Personal information
- Born: November 12, 1980 (age 45) Los Angeles, California, U.S.
- Listed height: 6 ft 1 in (1.85 m)
- Listed weight: 244 lb (111 kg)

Career information
- High school: Elk Grove (Elk Grove, California)
- College: Arizona (1999–2002)
- NFL draft: 2003: 3rd round, 68th overall pick

Career history
- Chicago Bears (2003–2014);

Awards and highlights
- 2× First-team All-Pro (2005, 2006); Second-team All-Pro (2009); 7× Pro Bowl (2005–2011); 100 greatest Bears of All-Time; 3× First-team All-Pac-10 (2000, 2001, 2002);

Career NFL statistics
- Total tackles: 1,181
- Sacks: 15
- Forced fumbles: 16
- Fumble recoveries: 7
- Interceptions: 16
- Defensive touchdowns: 6
- Stats at Pro Football Reference

= Lance Briggs =

American football player (born 1980)

Lance Marell Briggs (born November 12, 1980) is an American former professional football player who was a linebacker for the Chicago Bears of the National Football League (NFL). He played college football for the Arizona Wildcats and was selected by the Bears in the third round of the 2003 NFL draft, where he played his entire 12-year career. He was a seven-time Pro Bowl selection. Briggs played alongside Pro Football Hall of Fame linebacker Brian Urlacher during his tenure with the Bears. The two would be regarded as one of the greatest linebacker tandems in NFL history.

==Early life==
A Sacramento, California native, Briggs attended Elk Grove High School in Elk Grove, California. While at the University of Arizona, he was a three-time first-team All-Pac-10 Conference selection as a linebacker for the Wildcats. Briggs finished his college career with 308 tackles, 10.5 sacks, 36 tackles for losses, three interceptions, 10 passes deflected, five forced fumbles and four fumble recoveries in 33 games at strong side linebacker.

==Professional career==

The Chicago Bears selected Briggs in the third round (68th overall) of the 2003 NFL draft. Briggs was the 13th linebacker drafted in 2003.

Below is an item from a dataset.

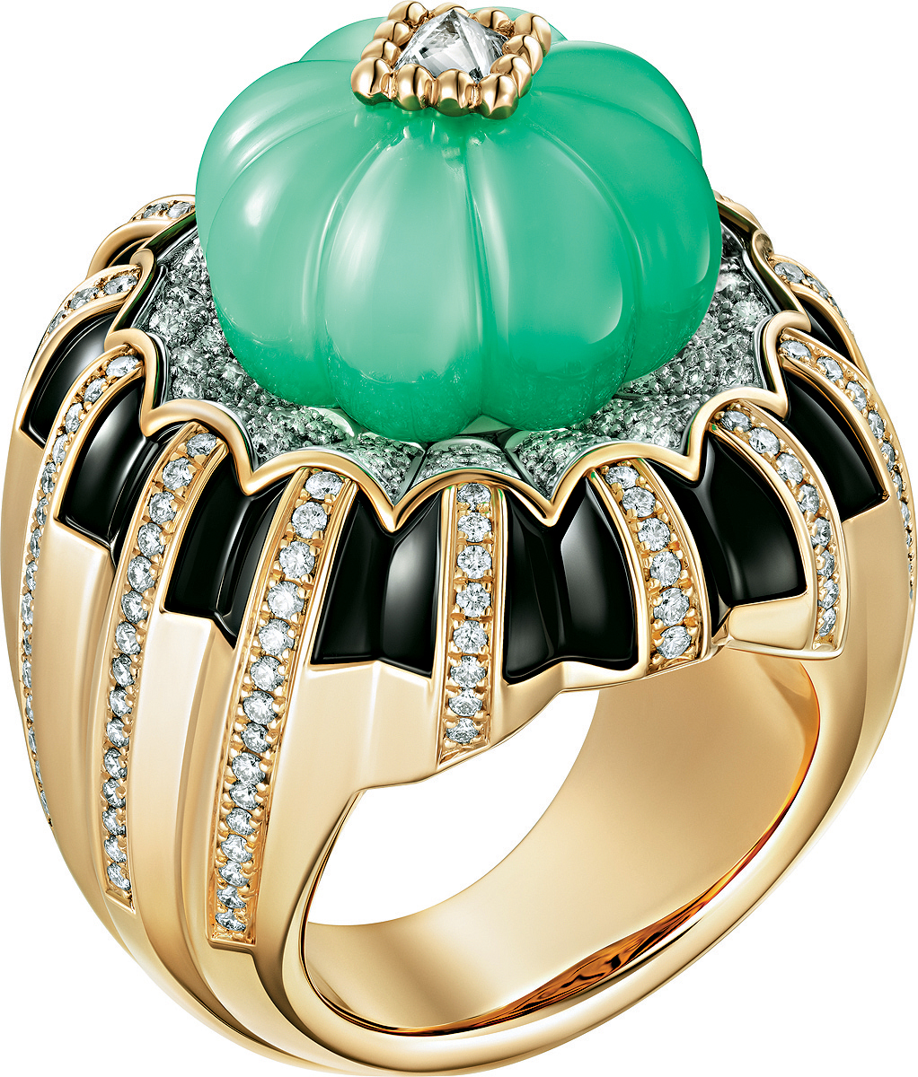 ▲Cartier Libre Tuttitutti系列Fruity Juicy黄金及白金指环,主石为单颗瓜形切割绿玉髓,另镶嵌14颗缟玛瑙、1颗公主方形切割钻石(0.14卡)及276颗明亮式切割圆钻(共1.13卡),拼凑出卡地亚自20世纪初已出现的黑、绿及白色经典颜色组合。

On July 25, 2003, the Bears signed Briggs to a four-year, $2.06 million contract that includes a signing bonus of $690,000. Throughout training camp, Briggs competed to be a starting outside linebacker against veteran Bryan Knight. Head coach Dick Jauron named Briggs a backup outside linebacker to start his rookie season, behind Bryan Knight and Warrick Holdman.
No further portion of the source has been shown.